MATERIAL FOR THE TASK:
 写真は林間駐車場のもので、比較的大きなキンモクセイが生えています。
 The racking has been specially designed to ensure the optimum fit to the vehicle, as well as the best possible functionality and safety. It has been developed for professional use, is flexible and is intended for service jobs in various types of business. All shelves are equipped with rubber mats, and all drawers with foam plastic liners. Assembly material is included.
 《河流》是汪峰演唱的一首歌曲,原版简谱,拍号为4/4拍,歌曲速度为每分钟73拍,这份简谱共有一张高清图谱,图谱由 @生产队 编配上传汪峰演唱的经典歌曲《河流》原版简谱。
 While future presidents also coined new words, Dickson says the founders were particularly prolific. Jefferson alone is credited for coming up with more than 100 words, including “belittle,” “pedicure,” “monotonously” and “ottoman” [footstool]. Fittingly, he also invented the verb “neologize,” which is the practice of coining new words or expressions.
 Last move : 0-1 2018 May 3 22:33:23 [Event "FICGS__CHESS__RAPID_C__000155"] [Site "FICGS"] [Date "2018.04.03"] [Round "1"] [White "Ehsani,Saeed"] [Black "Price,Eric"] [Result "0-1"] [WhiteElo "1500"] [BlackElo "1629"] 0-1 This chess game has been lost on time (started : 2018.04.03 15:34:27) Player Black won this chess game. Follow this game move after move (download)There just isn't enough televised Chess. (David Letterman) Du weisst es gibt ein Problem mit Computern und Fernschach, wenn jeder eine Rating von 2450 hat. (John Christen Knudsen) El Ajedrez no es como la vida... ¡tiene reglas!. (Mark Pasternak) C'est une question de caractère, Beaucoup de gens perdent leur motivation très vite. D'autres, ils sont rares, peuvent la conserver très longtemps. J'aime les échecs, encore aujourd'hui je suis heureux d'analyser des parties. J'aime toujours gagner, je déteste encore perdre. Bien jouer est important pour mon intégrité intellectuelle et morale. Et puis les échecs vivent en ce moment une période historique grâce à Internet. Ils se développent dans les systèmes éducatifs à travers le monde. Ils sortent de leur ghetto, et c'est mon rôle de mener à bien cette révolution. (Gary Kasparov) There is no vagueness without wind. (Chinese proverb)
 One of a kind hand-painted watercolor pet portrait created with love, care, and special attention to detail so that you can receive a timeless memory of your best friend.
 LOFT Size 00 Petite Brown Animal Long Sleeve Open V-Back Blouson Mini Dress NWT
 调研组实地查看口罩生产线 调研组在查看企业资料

THE PROBLEM: Print all entries again, exactly.

RESPONSE BOX:
 写真は林間駐車場のもので、比較的大きなキンモクセイが生えています。
 The racking has been specially designed to ensure the optimum fit to the vehicle, as well as the best possible functionality and safety. It has been developed for professional use, is flexible and is intended for service jobs in various types of business. All shelves are equipped with rubber mats, and all drawers with foam plastic liners. Assembly material is included.
 《河流》是汪峰演唱的一首歌曲,原版简谱,拍号为4/4拍,歌曲速度为每分钟73拍,这份简谱共有一张高清图谱,图谱由 @生产队 编配上传汪峰演唱的经典歌曲《河流》原版简谱。
 While future presidents also coined new words, Dickson says the founders were particularly prolific. Jefferson alone is credited for coming up with more than 100 words, including “belittle,” “pedicure,” “monotonously” and “ottoman” [footstool]. Fittingly, he also invented the verb “neologize,” which is the practice of coining new words or expressions.
 Last move : 0-1 2018 May 3 22:33:23 [Event "FICGS__CHESS__RAPID_C__000155"] [Site "FICGS"] [Date "2018.04.03"] [Round "1"] [White "Ehsani,Saeed"] [Black "Price,Eric"] [Result "0-1"] [WhiteElo "1500"] [BlackElo "1629"] 0-1 This chess game has been lost on time (started : 2018.04.03 15:34:27) Player Black won this chess game. Follow this game move after move (download)There just isn't enough televised Chess. (David Letterman) Du weisst es gibt ein Problem mit Computern und Fernschach, wenn jeder eine Rating von 2450 hat. (John Christen Knudsen) El Ajedrez no es como la vida... ¡tiene reglas!. (Mark Pasternak) C'est une question de caractère, Beaucoup de gens perdent leur motivation très vite. D'autres, ils sont rares, peuvent la conserver très longtemps. J'aime les échecs, encore aujourd'hui je suis heureux d'analyser des parties. J'aime toujours gagner, je déteste encore perdre. Bien jouer est important pour mon intégrité intellectuelle et morale. Et puis les échecs vivent en ce moment une période historique grâce à Internet. Ils se développent dans les systèmes éducatifs à travers le monde. Ils sortent de leur ghetto, et c'est mon rôle de mener à bien cette révolution. (Gary Kasparov) There is no vagueness without wind. (Chinese proverb)
 One of a kind hand-painted watercolor pet portrait created with love, care, and special attention to detail so that you can receive a timeless memory of your best friend.
 LOFT Size 00 Petite Brown Animal Long Sleeve Open V-Back Blouson Mini Dress NWT
 调研组实地查看口罩生产线 调研组在查看企业资料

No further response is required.